**SUPPLIED INFORMATION:**

════════════════

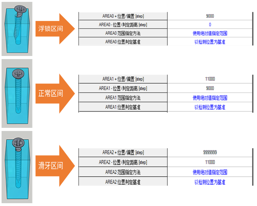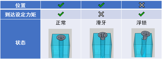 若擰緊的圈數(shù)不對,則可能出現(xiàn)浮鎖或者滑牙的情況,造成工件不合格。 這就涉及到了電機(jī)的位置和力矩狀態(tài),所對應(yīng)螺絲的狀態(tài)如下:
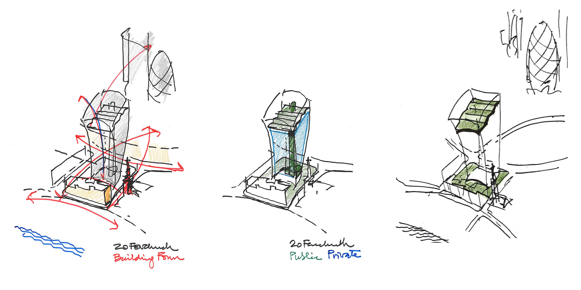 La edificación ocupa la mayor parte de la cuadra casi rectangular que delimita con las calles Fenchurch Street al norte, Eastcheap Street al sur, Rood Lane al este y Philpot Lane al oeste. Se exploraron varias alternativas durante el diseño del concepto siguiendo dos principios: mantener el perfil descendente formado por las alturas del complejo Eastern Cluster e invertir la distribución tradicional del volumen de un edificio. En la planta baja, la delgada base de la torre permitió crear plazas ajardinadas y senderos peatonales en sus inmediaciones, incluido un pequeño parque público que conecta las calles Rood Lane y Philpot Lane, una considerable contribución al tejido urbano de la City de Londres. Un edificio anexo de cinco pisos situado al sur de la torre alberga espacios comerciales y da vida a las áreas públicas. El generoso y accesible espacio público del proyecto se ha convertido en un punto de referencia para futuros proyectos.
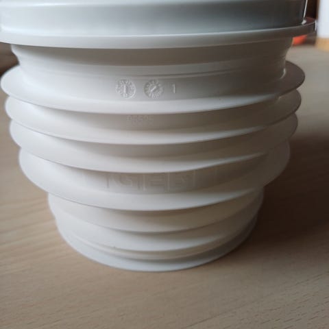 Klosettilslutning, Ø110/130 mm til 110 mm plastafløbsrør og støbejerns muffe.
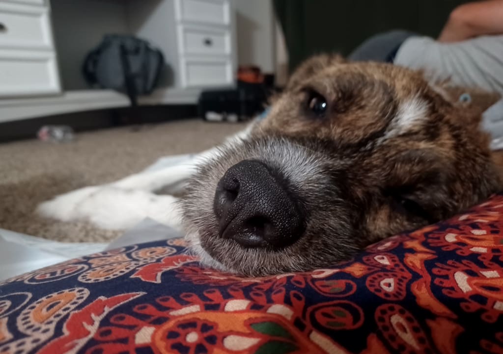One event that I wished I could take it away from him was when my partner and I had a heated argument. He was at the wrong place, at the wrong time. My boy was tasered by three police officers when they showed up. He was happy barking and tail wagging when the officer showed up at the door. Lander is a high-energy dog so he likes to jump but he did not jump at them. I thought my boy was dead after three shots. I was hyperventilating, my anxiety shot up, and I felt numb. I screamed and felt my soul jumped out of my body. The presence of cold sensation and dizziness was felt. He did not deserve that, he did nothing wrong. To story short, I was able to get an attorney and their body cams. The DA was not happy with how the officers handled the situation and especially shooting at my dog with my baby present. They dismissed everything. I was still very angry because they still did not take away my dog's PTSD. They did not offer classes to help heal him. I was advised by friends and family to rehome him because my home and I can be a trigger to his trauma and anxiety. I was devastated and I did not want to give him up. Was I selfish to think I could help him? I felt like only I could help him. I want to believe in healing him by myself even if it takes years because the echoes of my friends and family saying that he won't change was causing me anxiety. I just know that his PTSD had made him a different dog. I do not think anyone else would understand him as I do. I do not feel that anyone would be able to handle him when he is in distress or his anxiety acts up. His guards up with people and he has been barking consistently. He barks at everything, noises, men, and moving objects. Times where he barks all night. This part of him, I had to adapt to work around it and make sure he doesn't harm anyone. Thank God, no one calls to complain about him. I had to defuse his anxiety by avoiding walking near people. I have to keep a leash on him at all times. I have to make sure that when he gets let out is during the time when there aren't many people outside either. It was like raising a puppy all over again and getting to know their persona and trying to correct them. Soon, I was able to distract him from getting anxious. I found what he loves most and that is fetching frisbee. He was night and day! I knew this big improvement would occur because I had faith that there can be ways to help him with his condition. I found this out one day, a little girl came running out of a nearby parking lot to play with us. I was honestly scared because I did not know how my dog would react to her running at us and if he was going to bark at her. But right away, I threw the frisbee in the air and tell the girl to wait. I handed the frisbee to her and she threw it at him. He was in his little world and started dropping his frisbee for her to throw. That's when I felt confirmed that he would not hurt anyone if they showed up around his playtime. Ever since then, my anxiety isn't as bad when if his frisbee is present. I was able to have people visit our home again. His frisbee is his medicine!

════════════════

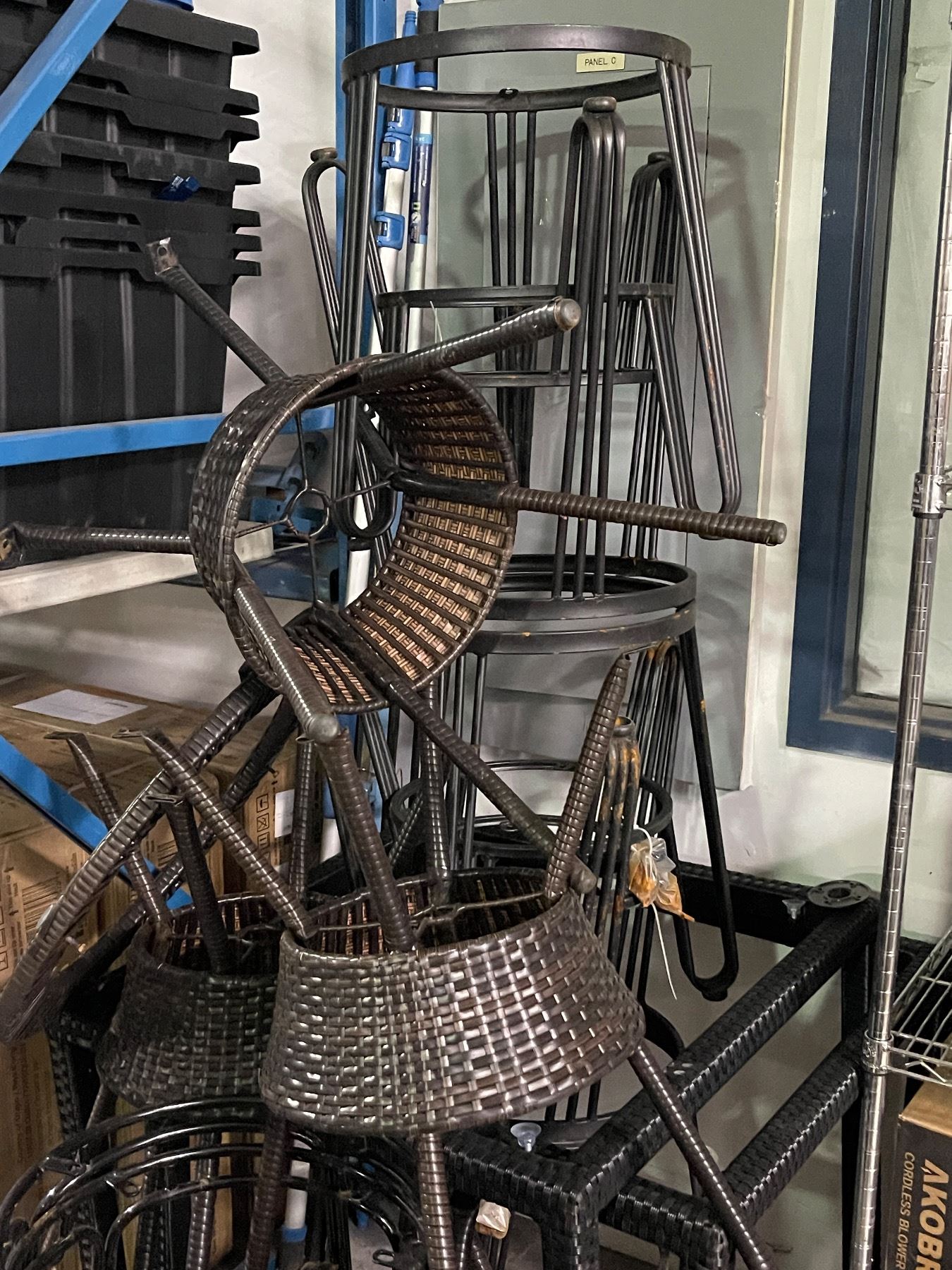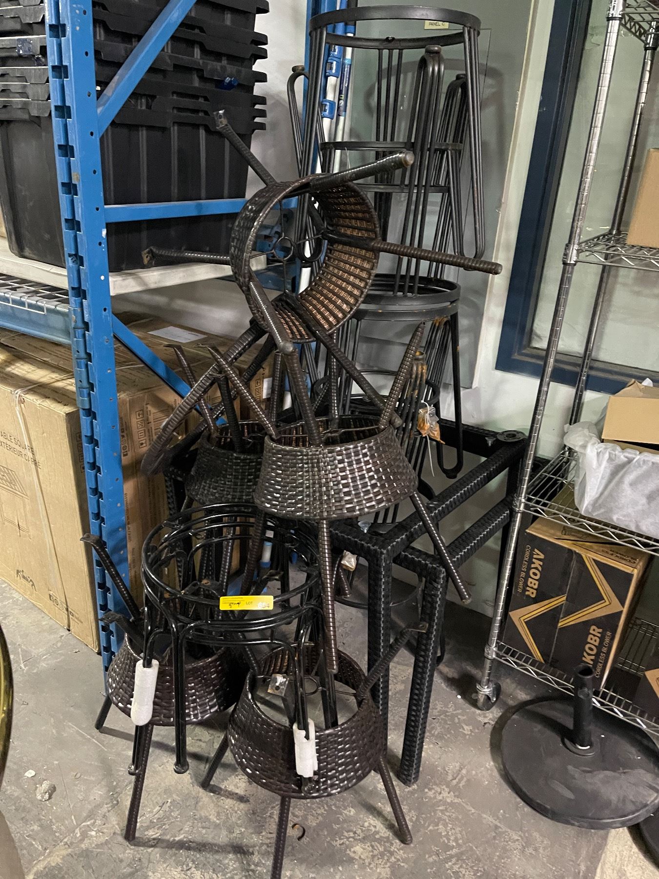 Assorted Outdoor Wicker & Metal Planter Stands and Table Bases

════════════════

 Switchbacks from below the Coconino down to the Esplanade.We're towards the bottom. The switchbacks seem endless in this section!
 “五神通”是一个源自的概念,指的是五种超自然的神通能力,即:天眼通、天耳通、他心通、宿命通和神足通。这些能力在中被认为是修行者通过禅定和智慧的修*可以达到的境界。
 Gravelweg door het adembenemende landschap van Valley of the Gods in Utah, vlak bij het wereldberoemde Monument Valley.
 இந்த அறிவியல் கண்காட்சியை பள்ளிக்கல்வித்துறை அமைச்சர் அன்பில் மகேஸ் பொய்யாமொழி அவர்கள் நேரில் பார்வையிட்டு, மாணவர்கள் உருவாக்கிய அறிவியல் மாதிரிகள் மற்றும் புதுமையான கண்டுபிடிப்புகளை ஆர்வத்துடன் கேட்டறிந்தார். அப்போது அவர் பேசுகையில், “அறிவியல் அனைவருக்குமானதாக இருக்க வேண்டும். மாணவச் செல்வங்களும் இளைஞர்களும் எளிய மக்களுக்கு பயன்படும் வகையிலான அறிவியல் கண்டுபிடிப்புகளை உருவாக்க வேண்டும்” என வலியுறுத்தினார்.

════════════════

**WHAT TO WORK ON:** Output exactly the lines of the listing above that start with the one holding "若擰緊的圈數(shù)不對,則可能出現(xiàn)浮鎖或" and go on through the one holding "Klosettilslutning, Ø110/130 mm"; leave the pictures out.

**RESPONSE BOX:**
 若擰緊的圈數(shù)不對,則可能出現(xiàn)浮鎖或者滑牙的情況,造成工件不合格。 這就涉及到了電機(jī)的位置和力矩狀態(tài),所對應(yīng)螺絲的狀態(tài)如下:
 La edificación ocupa la mayor parte de la cuadra casi rectangular que delimita con las calles Fenchurch Street al norte, Eastcheap Street al sur, Rood Lane al este y Philpot Lane al oeste. Se exploraron varias alternativas durante el diseño del concepto siguiendo dos principios: mantener el perfil descendente formado por las alturas del complejo Eastern Cluster e invertir la distribución tradicional del volumen de un edificio. En la planta baja, la delgada base de la torre permitió crear plazas ajardinadas y senderos peatonales en sus inmediaciones, incluido un pequeño parque público que conecta las calles Rood Lane y Philpot Lane, una considerable contribución al tejido urbano de la City de Londres. Un edificio anexo de cinco pisos situado al sur de la torre alberga espacios comerciales y da vida a las áreas públicas. El generoso y accesible espacio público del proyecto se ha convertido en un punto de referencia para futuros proyectos.
 Klosettilslutning, Ø110/130 mm til 110 mm plastafløbsrør og støbejerns muffe.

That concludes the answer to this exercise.